根据文件大小和修改时间自动清理,保留重要文件。

import os
import time
from pathlib import Path

def cleanup_by_age(directory, days=30, extensions=None, dry_run=True):
    """
    删除指定目录下超过指定天数的旧文件
    :param directory: 目标目录
    :param days: 超过多少天视为过期
    :param extensions: 仅清理这些扩展名(如 ['.log', '.tmp']),None 表示全部
    :param dry_run: True=预览,False=执行
    """
    cutoff = time.time() - days * 86400
    deleted_count = 0
    freed_bytes = 0

    for root, dirs, files in os.walk(directory):
        # 跳过隐藏目录和系统目录
        dirs[:] = [d for d in dirs if not d.startswith('.')]

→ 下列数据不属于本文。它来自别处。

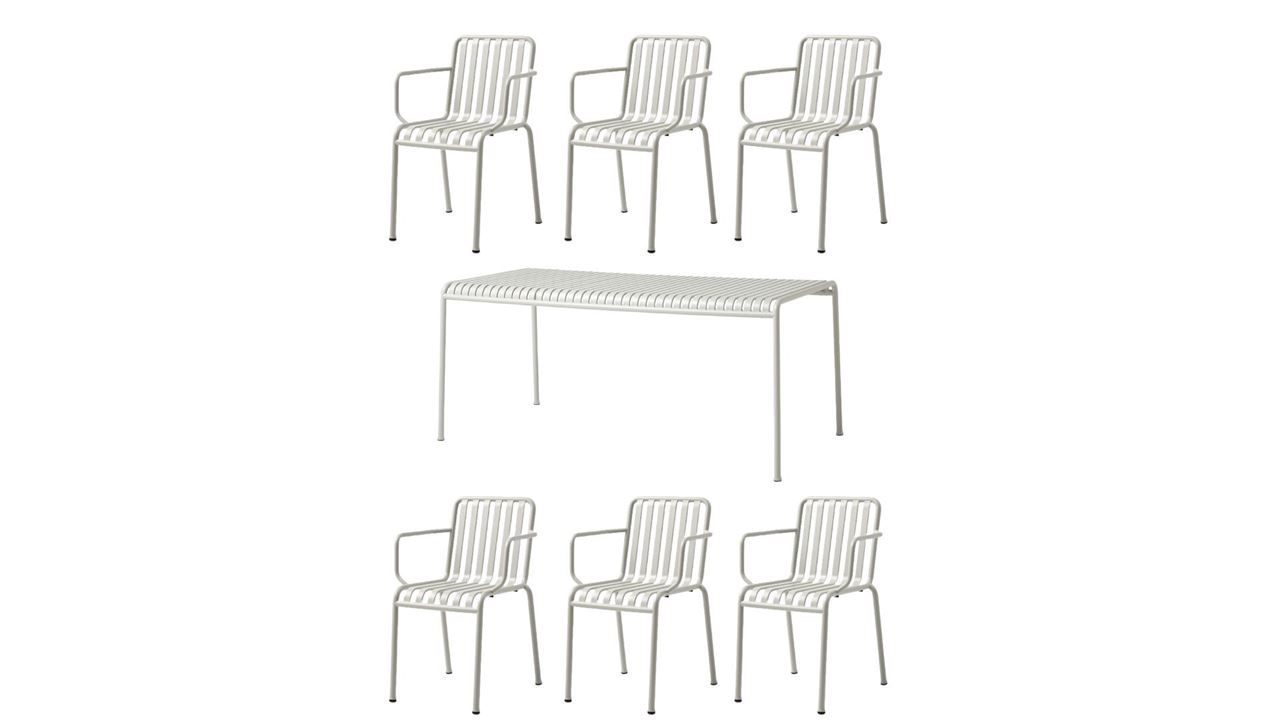HAY Palissade sæt bestående af bord og 6 armstole. Sættet er ideelt til have eller terrasse og giver mulighed for at samles på de varme sommer aftener. Skab en smuk sammenhæng i det udendørs rum med dette stilrene havesæt.

        for filename in files:
            if filename.startswith('.'):
                continue
            filepath = os.path.join(root, filename)
            if extensions and Path(filename).suffix.lower() not in extensions:
                continue
            try:
                mtime = os.path.getmtime(filepath)
                if mtime < cutoff:
                    size = os.path.getsize(filepath)
                    if not dry_run:
                        os.remove(filepath)
                    deleted_count += 1
                    freed_bytes += size
            except OSError:
                pass

    freed_mb = freed_bytes / 1024 / 1024
    action = '将删除' if dry_run else '已删除'
    print(f'{action} {deleted_count} 个文件,释放 {freed_mb:.2f} MB')

    if dry_run:
        print('(这是预览模式,加 --confirm 参数正式执行)')

# 使用
# 预览30天以上的.log和.tmp文件
cleanup_by_age('/var/log', days=30, extensions=['.log'])
# 确认后执行
# cleanup_by_age('/var/log', days=30, extensions=['.log'], dry_run=False)

7. 批量压缩与解压缩

import os
import zipfile
import tarfile
from pathlib import Path

def batch_compress(source_dir, output_path=None, fmt='zip', level=6):
    """
    批量压缩目录
    :param source_dir: 源目录
    :param output_path: 输出路径,默认在同目录生成同名压缩包
    :param fmt: zip 或 tar.gz
    :param level: 压缩级别 0-9
    """
    source = Path(source_dir)
    if output_path is None:
        output_path = source.parent / f'{source.name}.{fmt}'

    if fmt == 'zip':
        with zipfile.ZipFile(output_path, 'w', zipfile.ZIP_DEFLATED) as zf:
            for root, dirs, files in os.walk(source):
                # 跳过 __pycache__ 和 .git
                dirs[:] = [d for d in dirs if d not in ('__pycache__', '.git', 'node_modules')]
                for file in files:
                    if file.endswith('.pyc'):
                        continue
                    filepath = Path(root) / file
                    zf.write(filepath, filepath.relative_to(source.parent))
    elif fmt == 'tar.gz':
        with tarfile.open(output_path, 'w:gz', compresslevel=level) as tf:
            tf.add(source, arcname=source.name)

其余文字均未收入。